Хирург опасался, что за последние годы утратил квалификацию. В хорошо освещенном помещении он еще, пожалуй, взялся бы оперировать. Но в этой комнатушке, где лампы отбрасывали тень и больше скрывали, чем помогали рассмотреть, каждый нерв, кровеносный сосуд или петля кишечника, притаившаяся в темноте, грозили в любой момент попасть под лезвие скальпеля. Здесь оперировать попросту опасно. Аппендицит, холецистит, кишечная непроходимость – таких пациентов он направлял в городские больницы. Чем он им тут поможет? У него ни медсестры, ни банка крови, даже освещения толком нет. И если уж пациенту суждено умереть, пусть умирает от болезни, а не от операции.

Все хирургические инструменты – реликвии его прошлого – хранились в стеклянном шкафчике на стене. Аптекарь регулярно их стерилизовала и заворачивала в плотные зеленые полотенца. Инструменты блестели, как новенькие: пользовались ими редко. Хирург любил разворачивать зеленые свертки, перебирать всю коллекцию, раскладывать инструменты по величине и назначению, осматривать, поворачивая к свету, словно оценивая, можно ли еще ими оперировать, после чего, не в силах долее игнорировать нелепость происходящего, говорил аптекарю:

– Прокипятите инструменты в автоклаве, – и швырял их на поднос.

– Да, сагиб.

Стерилизовали инструменты гораздо чаще, чем использовали, но аптекарь не жаловалась. Послушно заворачивала их в полотенца, помещала в сетчатые железные коробочки, которые клала в барабан автоклава и ждала, пока тот со свистом выпускал пар. Потом, натянув стерильные перчатки, доставала содержимое автоклава и убирала инструменты в стеклянный шкафчик до следующего раза, когда хирургу придет охота их проинспектировать. Из-за таких вот бессмысленных регулярных процедур инструменты были в любой момент готовы к операции. И наконец они понадобились.

Инструментов, впрочем, было немного: лишь самые основные, для рядовых операций, ничего узкоспециального. Должно быть, мертвецы считают его волшебником, наделенным мистическими средствами и сверхчеловеческими способностями.

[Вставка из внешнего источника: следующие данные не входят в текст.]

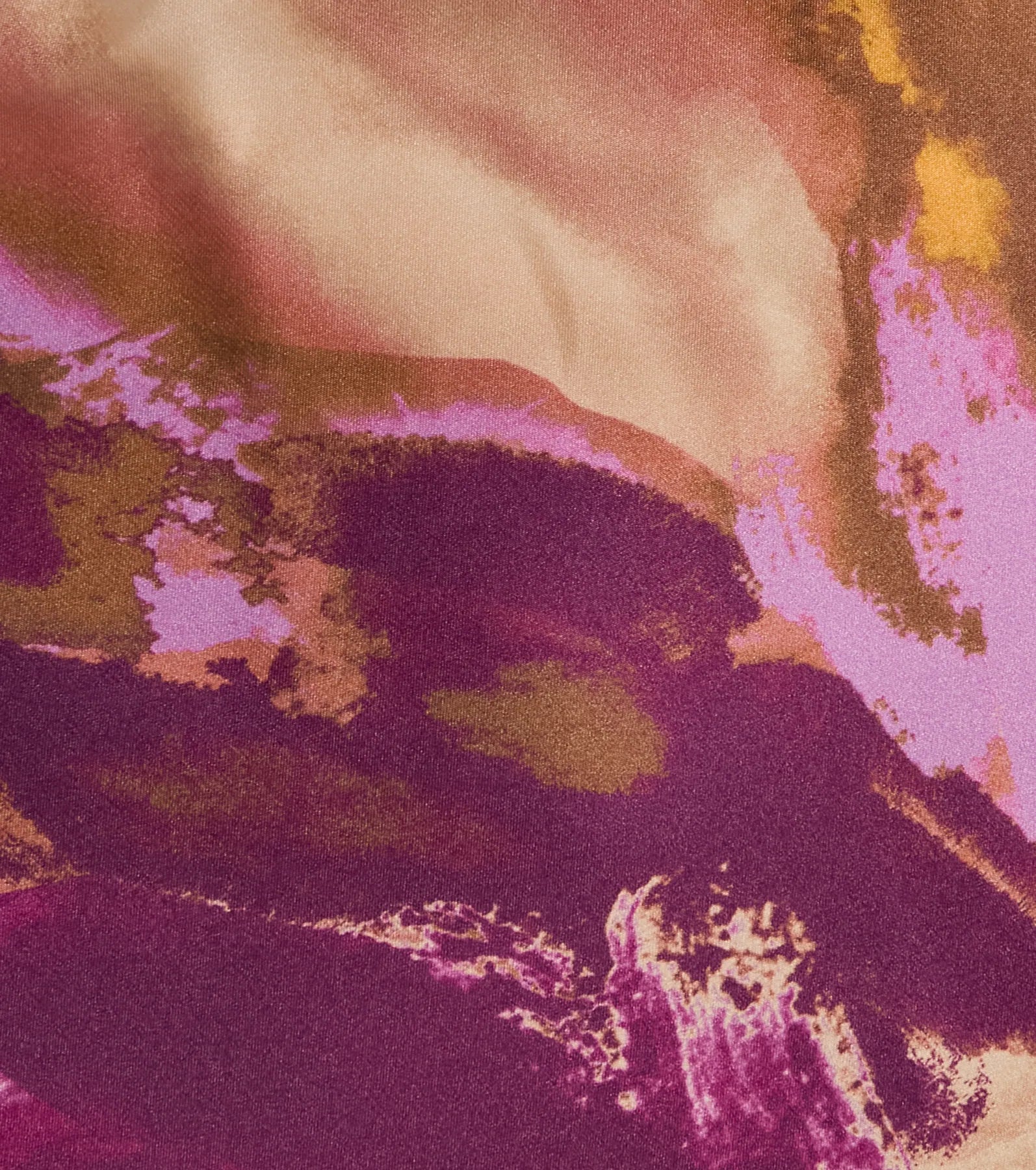 Your aesthetic will always impress in this tie-dye satin midi dress perfect for sunset cocktails on vacation or at a rooftop bar! Made from a silky satin fabric with a beautiful tie-dye print. this dress brings a unique style. It features a cowl neckline. adjustable spaghetti straps that crisscross in the back. and a form-hugging midi silhouette. Complete the look in .

Что ж, значит, их ждет мучительное разочарование.

И мучительная боль? Вот что тревожило его с самого начала. Будут ли они страдать? У него ведь никакой анестезии – ни пропофола, ни тиопентала. Но даже если бы была: как может анестезия подействовать, когда отсутствует кровоток? Ему придется вскрывать их, не погрузив предварительно в милосердный сон. Понимают ли они это?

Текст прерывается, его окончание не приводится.